The Anatomy of a CRE Loan Workout – Business Observer

Imagine preparing a firefighter before falling asleep at night. Their equipment is organized. The truck is inflated. The keys are nearby. They are ready for chaos anytime. If the alarm sounds, an immediately executable and well-established plan is in place. In these chaotic times, commercial real estate lenders (whether they use in-house asset management or credit managers and third-party services) have to think like a firefighter.

Those of us around the great financial crisis of 2008 (and similar past events) graphically remember the horror stories between lenders and borrowers. Lessons from past crises show us that organizing operations and identifying and preparing teams for problems could mitigate future problems while preserving time and profits.

Let’s dust off our tools and put them to good use.

Finance management

Become very observant with your money. Monitor your monthly operating statements and rent lists. If you have a safe deposit box or cash management account, it is important to check deposits early and often. Deposits made to a PO Box provide immediate insight. While it’s important to check the monthly statements, they arrive 30-45 days after the end of the month, which puts you at a disadvantage.

It is also prudent to ask for a report of unpaid debts from borrowers. Borrowers, especially those who are cash-strapped, may start making these payments from equity and there may be a tendency to pay slowly or to sort out other sellers of the property. An accounts payable age report can help reveal borrowers who may be trying to accumulate money.

Obtaining a 90-day debt report (or an unpaid debt report) might reveal an increase in the amount of debt that is 60 or 90 days past due, which may suggest that a borrower is using the cash flow. cash for improper purposes when such cash should have been allocated to pay obligations in the loan documents. Understanding the operational nuances, especially the sources and uses of money, will be essential when formulating a plan of action. It’s imperative that you get the full story of your borrowers – the good, the bad, and the ugly. Every bit of information helps paint a complete picture.

Legal preparation

Before a workout can begin, it’s important to be aware of every potential defect your borrower has or may be making, including past flaws that were subsequently corrected. Understand what your borrower is going on, not only with your assets, but with all the assets where they may have economic interest. Currency defaults, as well as other large financial liabilities, can have teeth and can present immediately exploitable protections. However, technical faults can be more difficult to deal with, but should be carefully monitored. You should consult with your advisors, including your legal advisor and your entire credit management team to fully understand your options for each default scenario. Make sure your notices of default, pre-negotiation agreements, and reservation of rights letters are up to date and comply with applicable jurisdictions.

There is a wide range of preparedness measures that lenders can take to protect their options and increase their chances of investment success, even in the face of a borrower or difficult market circumstances.

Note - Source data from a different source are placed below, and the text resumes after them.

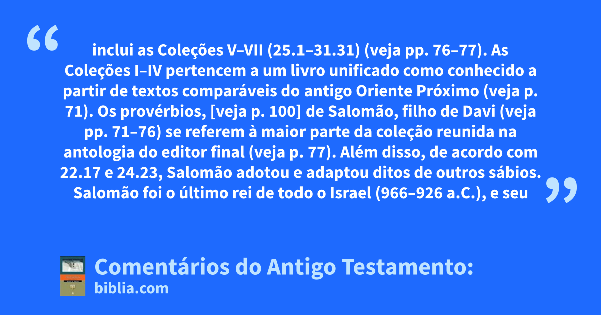 inclui as Coleções V–VII (25.1–31.31) (veja pp. 76–77). As Coleções I–IV pertencem a um livro unificado como conhecido a partir de textos comparáveis do antigo Oriente Próximo (veja p. 71). Os provérbios, [veja p. 100] de Salomão, filho de Davi (veja pp. 71–76) se referem à maior parte da coleção reunida na antologia do editor final (veja p. 77). Além disso, de acordo com 22.17 e 24.23, Salomão adotou e adaptou ditos de outros sábios. Salomão foi o último rei de todo o Israel (966–926 a.C.), e seu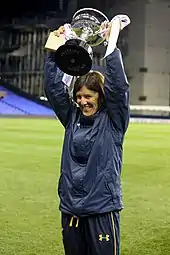 In August 2009 she was appointed first team manager at Tottenham Hotspur, where she was already working as the club's women's and girls' development officer.[9] Over the following decade, Hills presided over a series of promotions as the club developed from a completely amateur South East Combination Women's Football League team to a full-time professional FA Women's Super League outfit, playing in front of record-breaking crowds.[10][11] On 19 November 2020 Hills and joint head coach Juan Carlos Amorós were sacked.[12]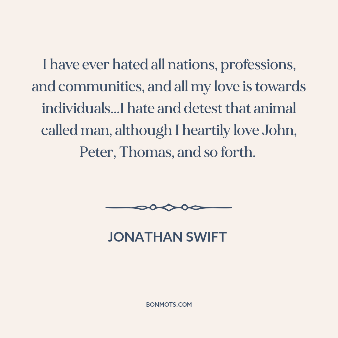 I have ever hated all nations, professions, and communities, and all my love is towards individuals...I hate and detest that animal called man, although I heartily love John, Peter, Thomas, and so forth.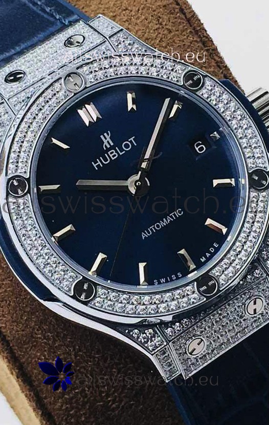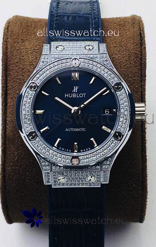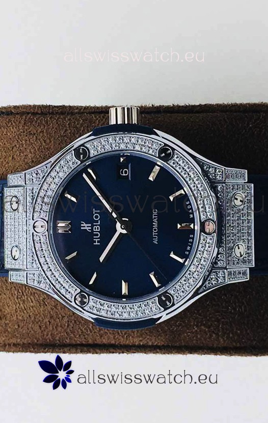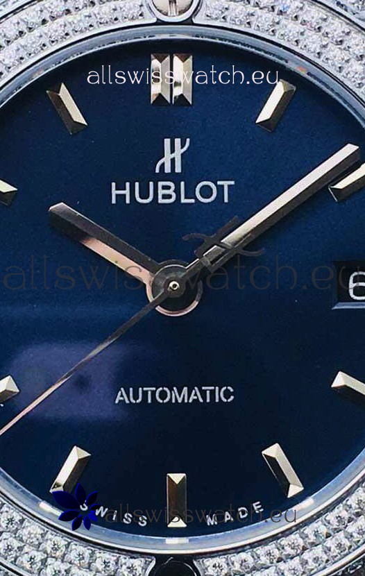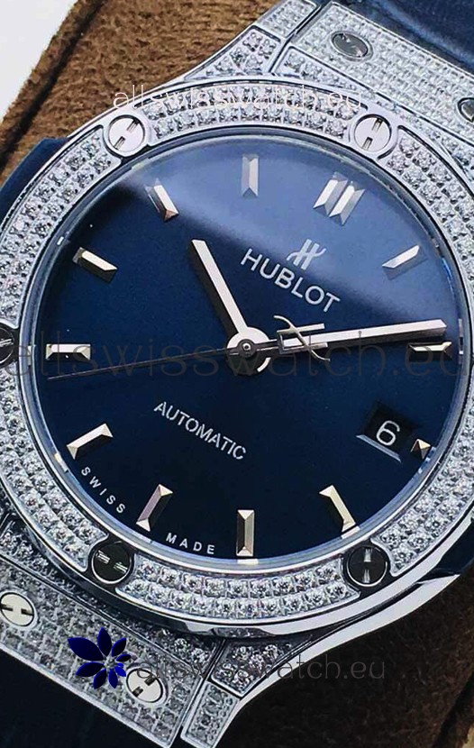Hublot Classic Fusion Diamonds Steel Blue Dial 38MM Swiss Replica Watch 1:1 Mirror Quality
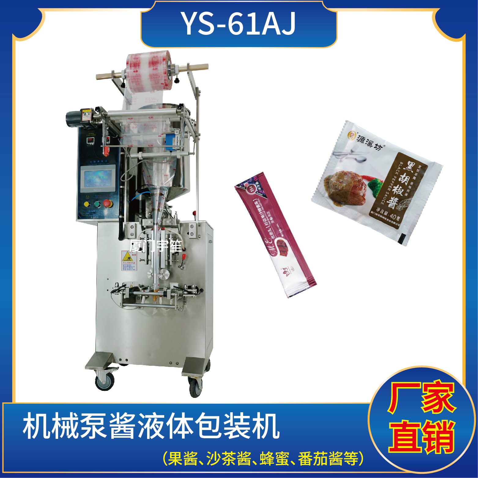 1、適用于食品、醫(yī)藥、化工、化妝品行業(yè)中液體、醬料物品的計量包裝,如:番茄醬、辣椒醬、黑胡椒醬、貓條等。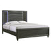 Moonstone Panel Bed is a one of a kind addition for your bedroom. Upholstered in polyethylene and consisting of textural design throughout. Crafted of solid woods and veneers. Finished in a transitional, mountain gray . Features mood lightening in headboard to create a beautiful ambiance. Perfect for contemporary or modern bedroom aesthetics.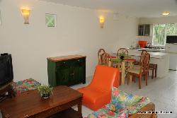 Le salon /salle à manger est équipée de la télé ,la terrasse donne directement sur le jardin et la piscine du complexe.
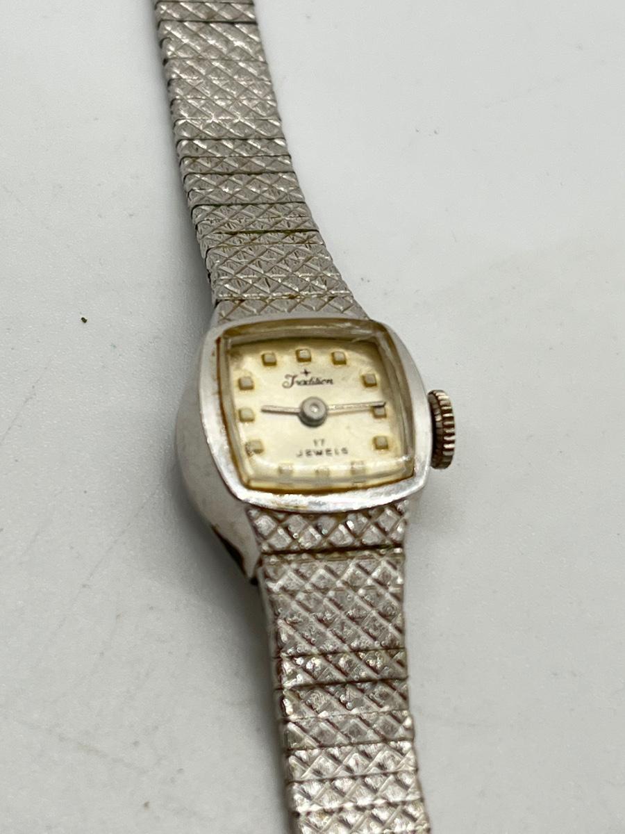 Tradition 17 Jewels Women's Watch - 10K rgp bezel (not working and has small crack in crystal) - with Kestenmade 10K gold fill band. Please see all pictures as they are the best representation of the items. The pictures show condition, measurements if taken, and what is included in the lot. Due to the large amount that we photograph and the time frame, we are not always able to take measurements. All items unless noted, are pre-owned and have been used. If you purchased furniture, you must bring help. We do not allow one person to carry large furniture out on their own. Bring help, tools and a truck for the safety of our client’s homes, and your personal safety. Any damages that result to the property including walls, and floors due to moving of the furniture will be charged to the buyer. Company policy. Thank you.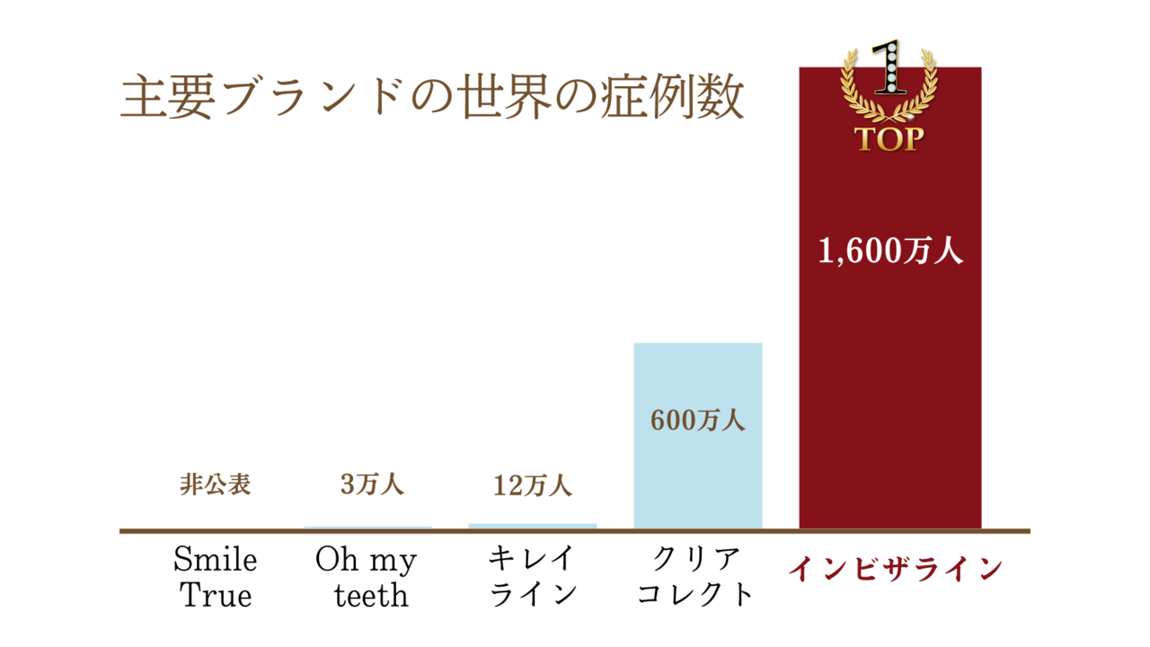 このようにブランド毎に症例数は様々。症例数の少ない後発ブランドはシェアをとるために、価格をかなり安くすることが多いようです。(格安矯正)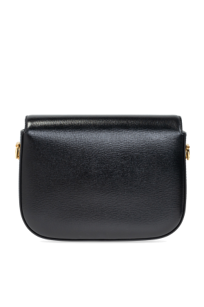 Gucci的黑色Horsebit 1955 Mini单肩包。皮革质。含装饰扣。饰有horsebit配件。两个可拆卸可调节肩带。绿色及红色调Web条纹。内部附一个隔层。金色调金属配件。
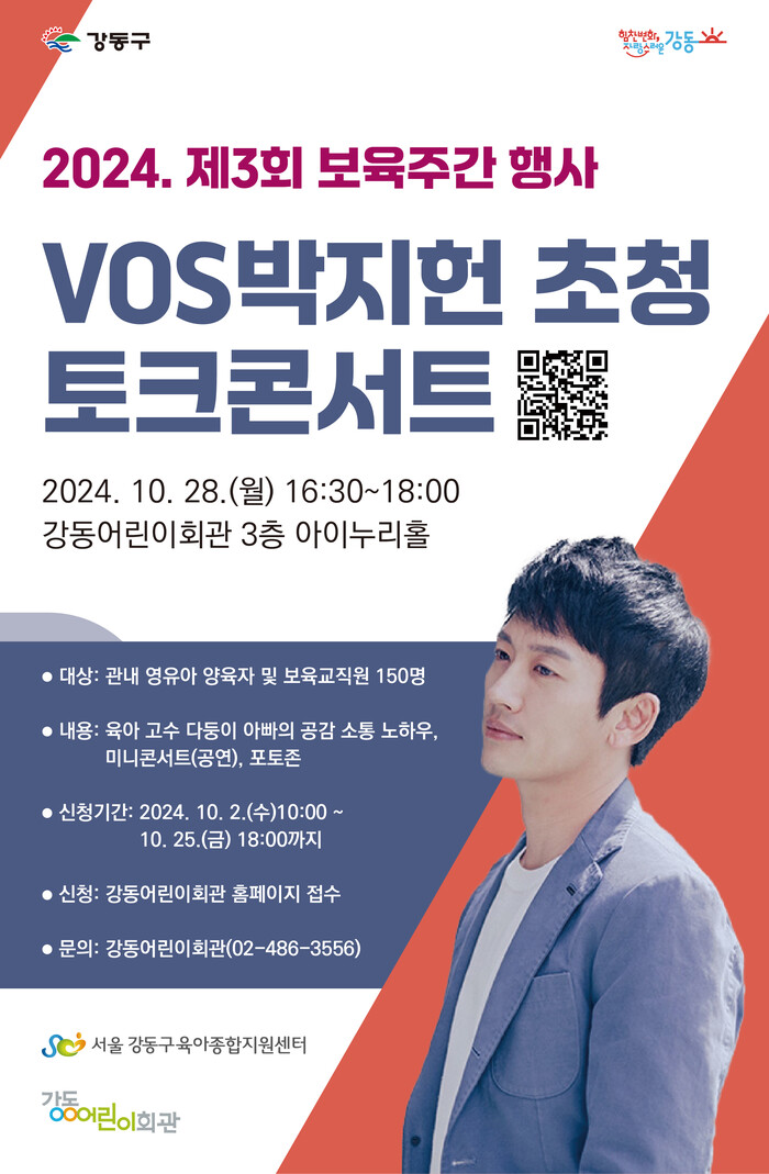 [시민일보 = 이대우 기자] 서울 강동구(구청장 이수희)가 오는 28일 강동어린이회관에서 양육자와 보육 교직원이 함께 즐길 수 있는 ‘vos 박지헌 초청 토크콘서트’를 개최한다.

Scenario and sensitivity analyzes are essential; start before the going gets tough.

Based on past cycles, it is all too common for some lenders to do nothing in the face of known issues, operating with a “wait and see” mentality. Don’t confuse patience with preparation. It’s good to be patient in context, but it’s not good to run out of a plan, especially one that contemplates various future circumstances. It is also very difficult to analyze qualitatively and quantitatively your scenarios and sensitivities if you have never worked on a fault of a similar nature. Get people on your team who are not in conflict and have already done so. There is nothing like acknowledging the facts to improve your chances of success. Finally, be prepared to let your plans repeat themselves. Time is often your enemy, so don’t give up on cautious action while you strive for perfection.

Communication and market intelligence

Like a fire team at the scene of a fire, persistent communication between your entire credit management team is vital. You can’t communicate too much. However, be very careful with your communications with the borrower during these times and be sure to act with the advice of a lawyer. Vague statements, no matter how well-intentioned, can be dangerous and can have potentially negative impacts on your future options.

Assumptions and preconceptions are also dangerous. Don’t assume the worst or the best. A borrower who hasn’t submitted their month-end financial statements on time may be hiding something; they can also be simply overwhelmed or bogged down by non-compliant, elusive or similarly overwhelmed tenants, contractors and government agencies, among others. We recommend, especially early in the default process, many more questions than statements as you collect information. Even when you are stressed or angry, do your best to gather the facts without passion.

Knowledge of the market is also essential. There is a wide array of resources you can consult, including brokerage rental and sale reports, supply and demand trends, demographics, economic forecasts, costs and availability of capital. , among others. Today, many of these resources are “open source” and can often be obtained with a little investigation. When you train your credit management team, consider their resources as well. Don’t just rely on third-party data that is generically designed for large consumption. Work with professionals who understand market, submarket, and asset-level data derived from their own portfolios and experiences. Remember, you are in fact-gathering mode. The more actionable insights you can get, the better your chances of success.

Mitchell Hunter is President and Robert Brasfield is Managing Director focused on Non-Performing Assets, both Americas, at Trimont Real Estate Advisors.